_SUPPLIED RECORDS_.
*** Begin section ***

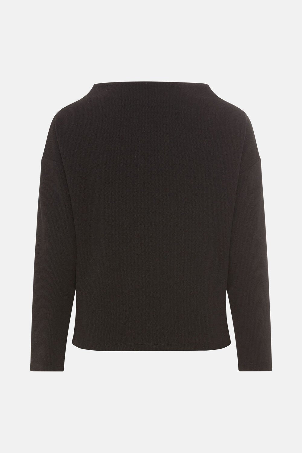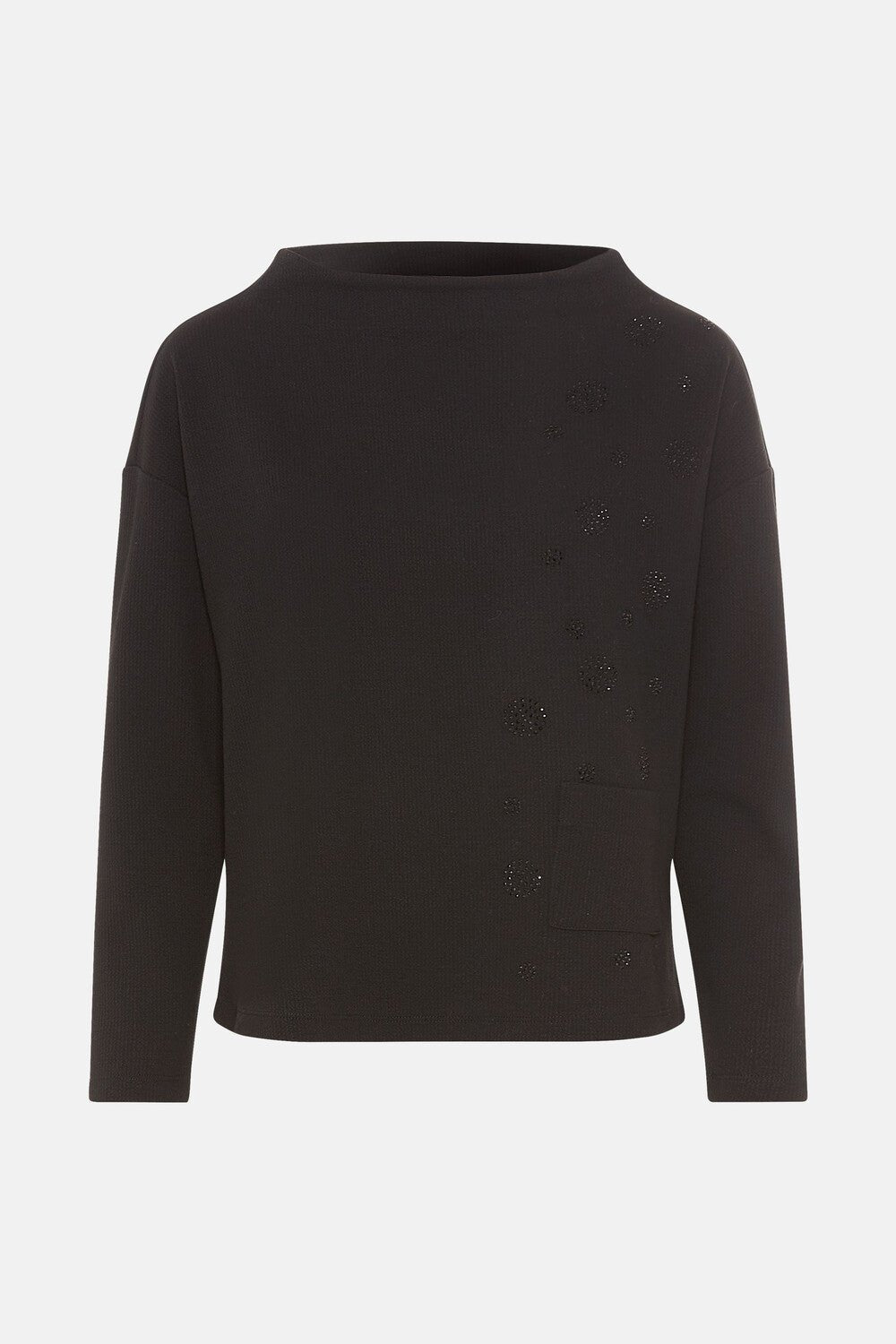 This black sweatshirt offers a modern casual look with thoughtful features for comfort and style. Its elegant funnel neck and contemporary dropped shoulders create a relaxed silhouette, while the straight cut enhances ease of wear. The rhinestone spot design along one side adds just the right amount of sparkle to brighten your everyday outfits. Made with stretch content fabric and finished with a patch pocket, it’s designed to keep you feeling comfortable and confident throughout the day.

*** End section ***
*** Begin section ***

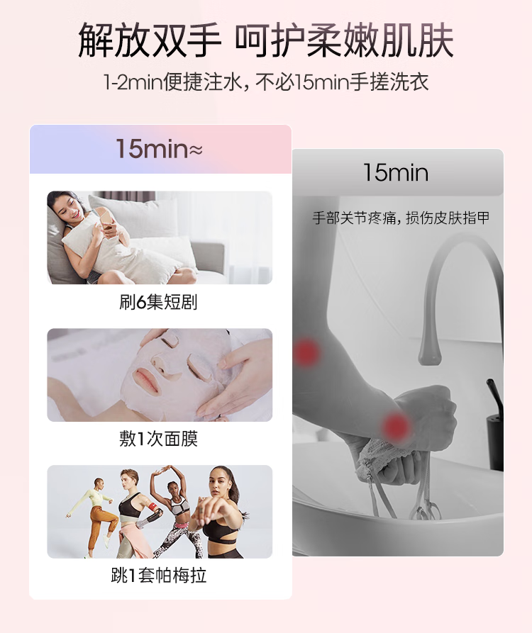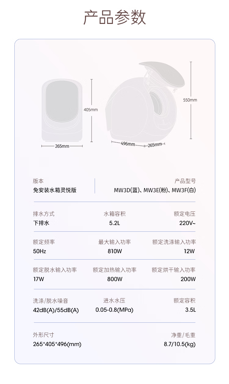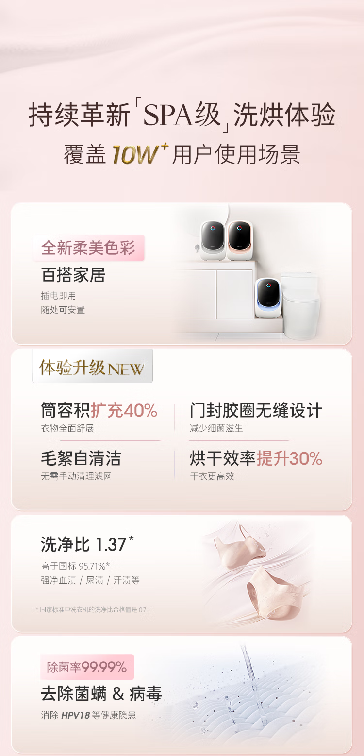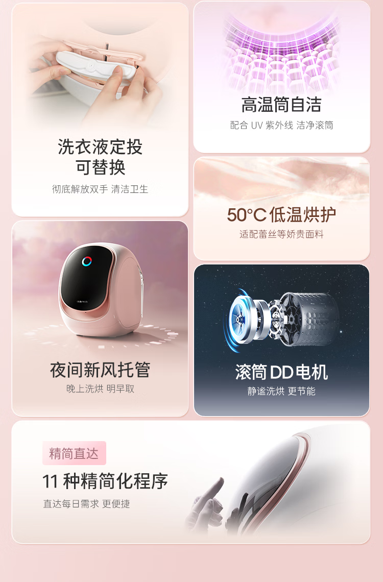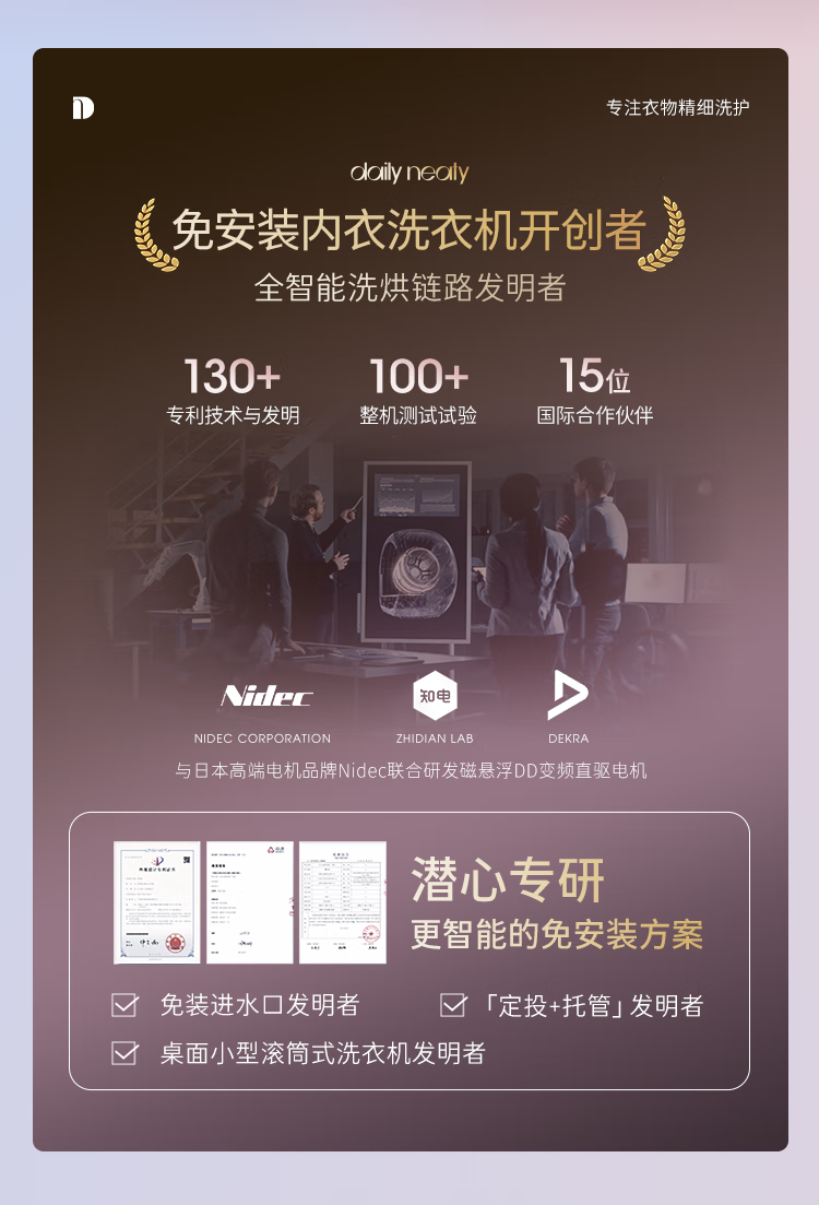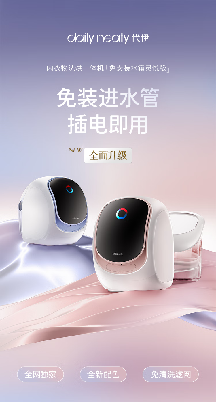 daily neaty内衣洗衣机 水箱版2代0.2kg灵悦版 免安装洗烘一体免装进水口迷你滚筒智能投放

*** End section ***
*** Begin section ***

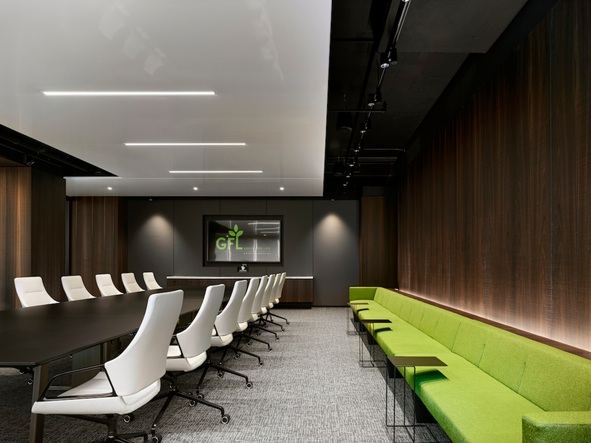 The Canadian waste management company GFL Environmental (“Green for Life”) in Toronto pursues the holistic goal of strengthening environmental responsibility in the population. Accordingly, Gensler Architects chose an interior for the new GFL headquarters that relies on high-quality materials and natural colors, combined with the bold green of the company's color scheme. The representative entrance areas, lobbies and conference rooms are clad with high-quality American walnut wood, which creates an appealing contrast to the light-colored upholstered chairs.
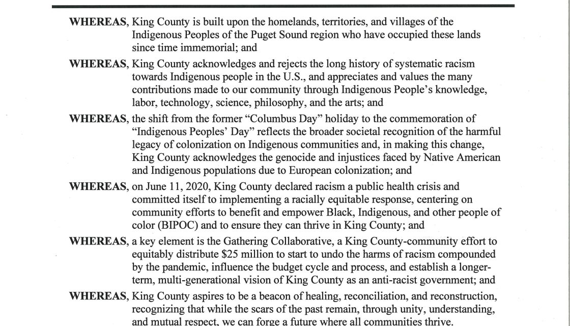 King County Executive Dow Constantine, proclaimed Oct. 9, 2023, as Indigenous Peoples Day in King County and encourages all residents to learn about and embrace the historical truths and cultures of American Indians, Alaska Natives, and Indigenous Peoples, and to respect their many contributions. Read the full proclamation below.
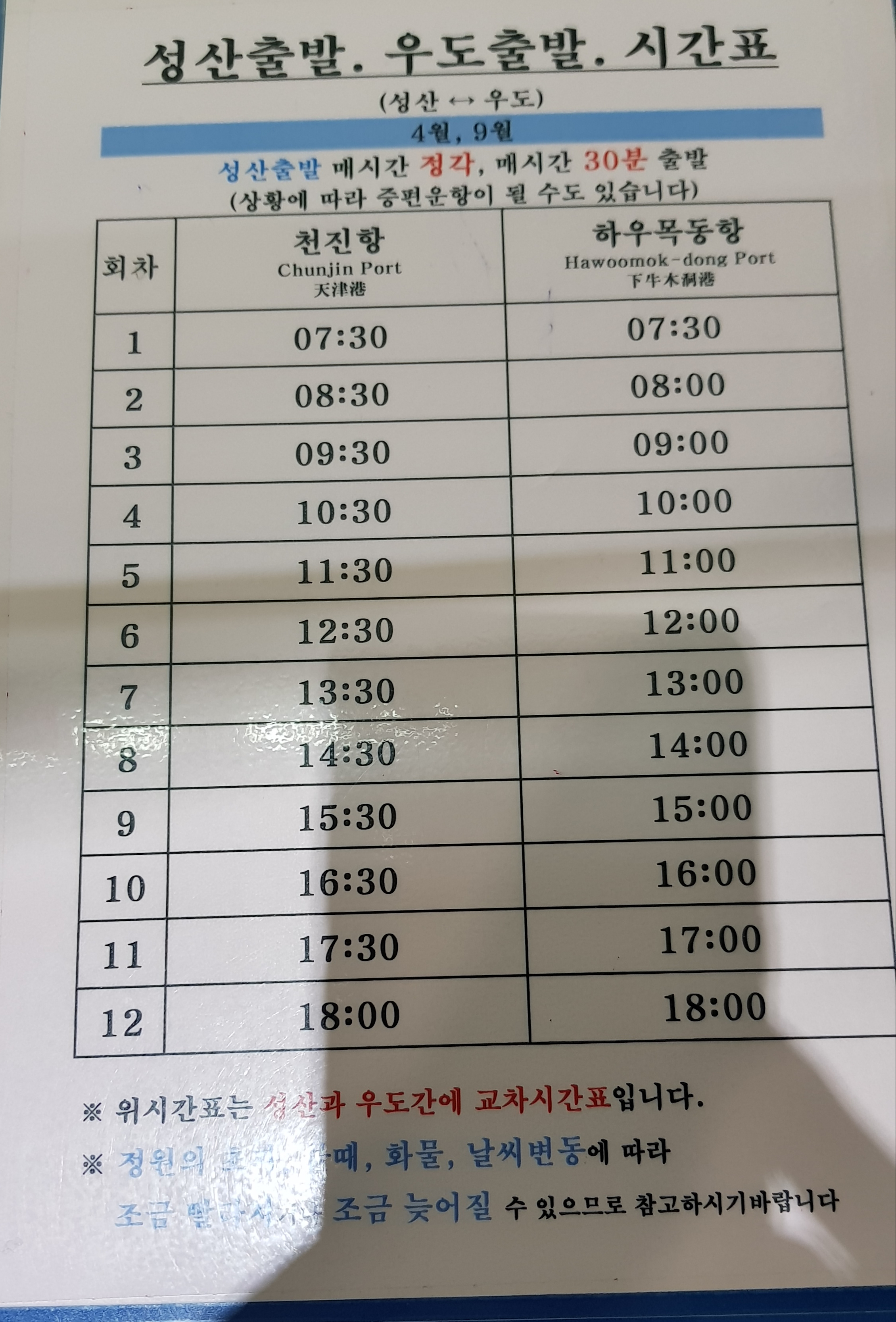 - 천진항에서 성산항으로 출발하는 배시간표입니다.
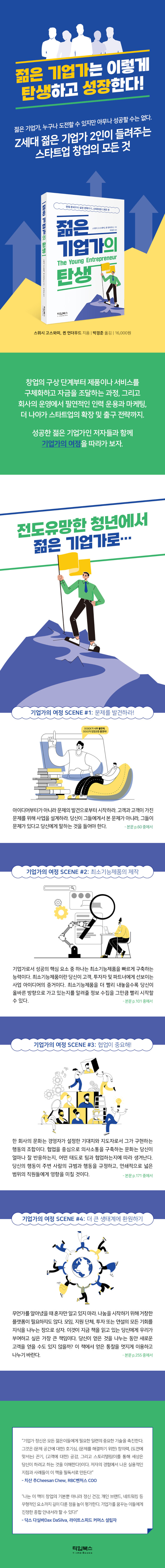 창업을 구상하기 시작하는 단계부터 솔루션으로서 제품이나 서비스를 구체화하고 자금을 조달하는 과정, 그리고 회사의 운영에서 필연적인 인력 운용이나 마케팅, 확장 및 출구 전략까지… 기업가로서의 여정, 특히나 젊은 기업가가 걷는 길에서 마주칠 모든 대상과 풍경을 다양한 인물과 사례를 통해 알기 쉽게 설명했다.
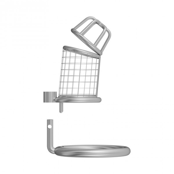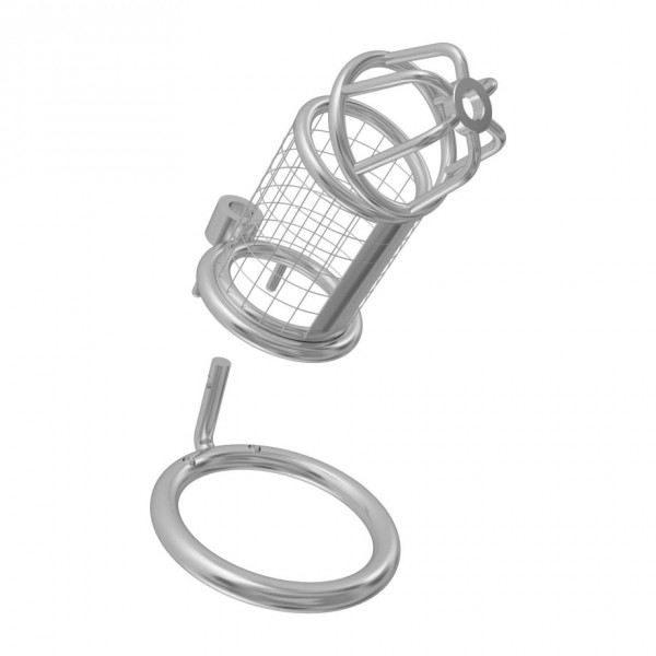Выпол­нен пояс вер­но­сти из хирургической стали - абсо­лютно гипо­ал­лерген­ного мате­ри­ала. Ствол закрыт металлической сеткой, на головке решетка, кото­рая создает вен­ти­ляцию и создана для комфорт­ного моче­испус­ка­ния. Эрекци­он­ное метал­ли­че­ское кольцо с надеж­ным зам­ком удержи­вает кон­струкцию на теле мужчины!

*** End section ***

_THE PROBLEM_. Within the listing above, extract exactly the lines that run from the one containing "The Canadian waste" through the one containing "Выпол­нен пояс вер­но­сти", excluding any pictures.

_REPLY_.
 The Canadian waste management company GFL Environmental (“Green for Life”) in Toronto pursues the holistic goal of strengthening environmental responsibility in the population. Accordingly, Gensler Architects chose an interior for the new GFL headquarters that relies on high-quality materials and natural colors, combined with the bold green of the company's color scheme. The representative entrance areas, lobbies and conference rooms are clad with high-quality American walnut wood, which creates an appealing contrast to the light-colored upholstered chairs.
 King County Executive Dow Constantine, proclaimed Oct. 9, 2023, as Indigenous Peoples Day in King County and encourages all residents to learn about and embrace the historical truths and cultures of American Indians, Alaska Natives, and Indigenous Peoples, and to respect their many contributions. Read the full proclamation below.
 - 천진항에서 성산항으로 출발하는 배시간표입니다.
 창업을 구상하기 시작하는 단계부터 솔루션으로서 제품이나 서비스를 구체화하고 자금을 조달하는 과정, 그리고 회사의 운영에서 필연적인 인력 운용이나 마케팅, 확장 및 출구 전략까지… 기업가로서의 여정, 특히나 젊은 기업가가 걷는 길에서 마주칠 모든 대상과 풍경을 다양한 인물과 사례를 통해 알기 쉽게 설명했다.
Выпол­нен пояс вер­но­сти из хирургической стали - абсо­лютно гипо­ал­лерген­ного мате­ри­ала. Ствол закрыт металлической сеткой, на головке решетка, кото­рая создает вен­ти­ляцию и создана для комфорт­ного моче­испус­ка­ния. Эрекци­он­ное метал­ли­че­ское кольцо с надеж­ным зам­ком удержи­вает кон­струкцию на теле мужчины!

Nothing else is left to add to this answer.